Francia was born in Bologna as elder son of Francesco Raibolini (Francesco Francia), and like his father was also called il Francia. His father and brother Giulio Raibolini were also artists. Francia was trained by his father in painting and goldsmithing, and acted as his assistant. In 1517, the year of his father's death, he and his brother, Giulio, assumed responsibility for the family business and together executed many church altarpieces, identifiable by the initials (I I) of their Latinized names (Iacobus and Iulius). Late in life Giacomo came under the influence of Dosso Dossi. He died in Bologna in 1567.

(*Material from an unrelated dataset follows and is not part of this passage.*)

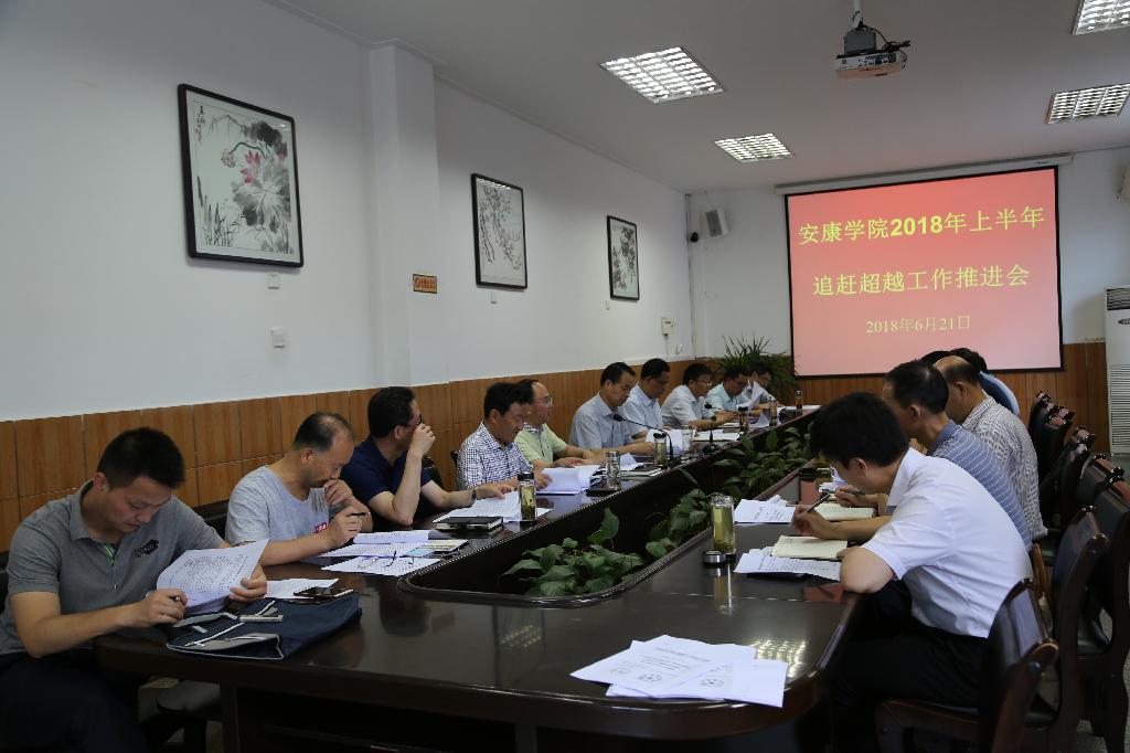 6月21日上午,我校在江南校区第一会议室召开2018年上半年追赶超越工作推进会。学校领导、相关职能部门负责人参加了会议,会议由副校长向纪明主持。

Giacomo's earliest known work is the Virgin in Glory with Saints Peter, Mary Magdalene, Francis, Martha and Six Nuns (after 1515; Pinacoteca Nazionale, Bologna, ). In this painting, as in the Saints Jerome, Margaret and Francis (1518; Madrid, Prado) and the Nativity (1519; San Giovanni Evangelista, Parma), both dated and signed by both brothers, there appear, in addition to the influence of their father, echoes of the monumental style of Raphael.

Other paintings of Raibolini include:
- Works in Church of San Giovanni Evangelista, Parma.
- Baptism of Valerian and the Martyrdom of St Cecilia, frescoes, Oratorio di Santa Cecilia, Bologna
- Madonna seated with Saints Francis, Bernard, Sebastian, and Maurice (1526) in Bologna
- St Michael Archangel for the church of San Domenico, Bologna.